My point is that trying to invest based on macroeconomic forecasts is a tough game. Even if you guess the economic scenario right, you must still pick which investments will benefit. All of this makes it about as easy as predicting what the weather will be like two months from now.
Are equities a good inflation hedge?
One theory is that equities can help hedge inflation. The theory is that a company should ultimately be able to pass increasing costs through to its customers. This should help protect it from the impacts of inflation – at least over the long term. This isn’t always the case, however. As we saw with the 1970s example, equity investors experienced negative real returns for a decade.
US fund manager GMO recently published an article on the types of listed companies that do the best in inflationary environments. Studying the eight periods in the US when inflation spiked above 5% for more than a year between 1933 and today, they found that high quality businesses trading at reasonable valuations outperformed the market in seven out of eight periods. Not only that, but these companies outperformed the market by an average of 5% per annum and delivered an average annual return of 12% - even in these inflationary periods. High quality businesses are those that earn high returns on invested capital and have wide profit margins. They tend to have strong competitive advantages which can afford them pricing power and an ability pass inflation through to customers more easily.
Other inflation hedges highlight that there are no free lunches
There are other asset classes that have a clearer link between inflation and investment outcomes than equities. Commercial property and inflation-linked bonds are often touted as helping hedge inflation. Many commercial property leases contain CPI escalators that allow inflation to be passed through to tenants. Likewise, inflation-linked bonds see their face value increase mechanically with inflation, providing a direct payoff if inflation spikes.

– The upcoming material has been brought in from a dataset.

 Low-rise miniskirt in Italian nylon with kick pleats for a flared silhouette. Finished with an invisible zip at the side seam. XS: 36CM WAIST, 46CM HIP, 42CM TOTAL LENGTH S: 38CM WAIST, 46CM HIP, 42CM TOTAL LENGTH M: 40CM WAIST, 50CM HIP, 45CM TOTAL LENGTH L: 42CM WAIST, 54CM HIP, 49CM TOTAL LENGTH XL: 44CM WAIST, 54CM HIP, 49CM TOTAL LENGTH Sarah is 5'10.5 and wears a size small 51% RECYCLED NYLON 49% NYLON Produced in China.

But these asset classes also show that hedging inflation isn’t without its costs or risks. Industrial property (which doesn’t face some of the reversionary value question-marks associated with retail and office property) is currently in high demand. Capitalisation rates are at all-time lows and valuations at all-time highs. Likewise inflation-linked bond investments require investors to accept low expected returns in exchange for this inflation protection.

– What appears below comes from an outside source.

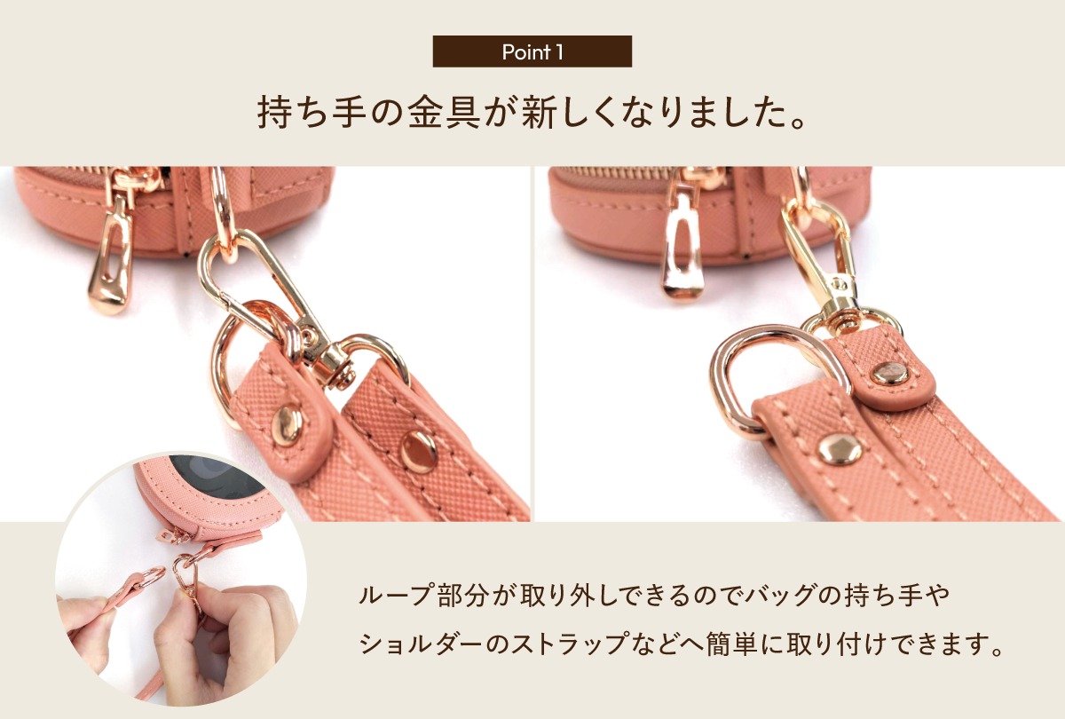本体仕様 本体サイズ(約):直径87mm × 高さ51mm 対応ボトルサイズ(約):直径15mm × 高さ40mm以下 (1〜3mLサイズの小分けビンを収納できます。) ※対応するボトルはこちら ストラップ長(約):145mm ※小分けビンは付属しておりません。 ※エッセンシャルオイルが付着するとシミや色落ちの原因となりますのでご注意ください。 ※画像はイメージです。仕様・詳細デザインは変更になる場合がございます。

There is no easy solution to the inflation conundrum. On one hand, equities may provide a good long-term hedge – but you need the risk tolerance and patience to stick out some volatility should inflation pick up materially. On the other hand, inflation-linked securities and property may provide more certainty around the inflation protections - but the low returns and high opportunity cost could be problematic, particularly if the current burst of inflation proves temporary.

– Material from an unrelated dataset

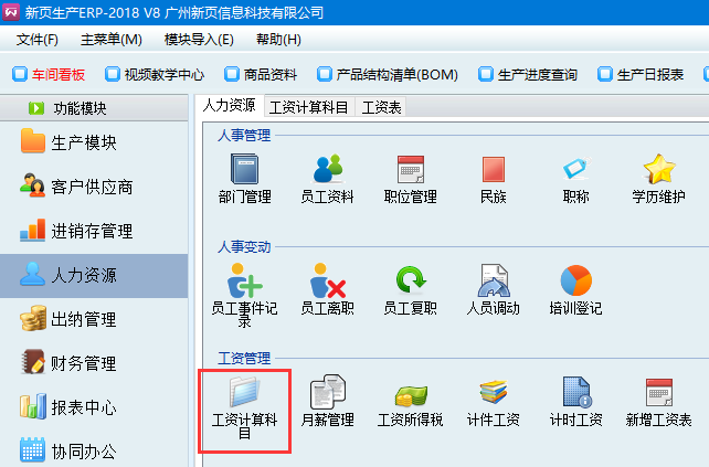 3、在人力資源-工資計算科目,如下圖,輸入項是可以根據企業自身的情況來手動輸入的。計算項是軟件默認的公式,也可自己修改公式。例如這里做2018年12的工資表,點擊菜單欄新增工資表,然后選擇月份,填寫工資表編號,如果勾選從已有的工資表復制,則需要選擇復制哪個月份的工資表,然后點擊確定。(每個月新增一次工資表)

As is often the case, balance is needed. Equity-oriented portfolios that are balanced with diversifiers like commercial property, inflation-linked bonds, infrastructure assets, and traditional fixed income continue to make sense. With the global economy at a fork in the road, there is value in not being overly aligned to one potential state of the world. Investors should try to preserve the flexibility to act when better opportunities again present themselves.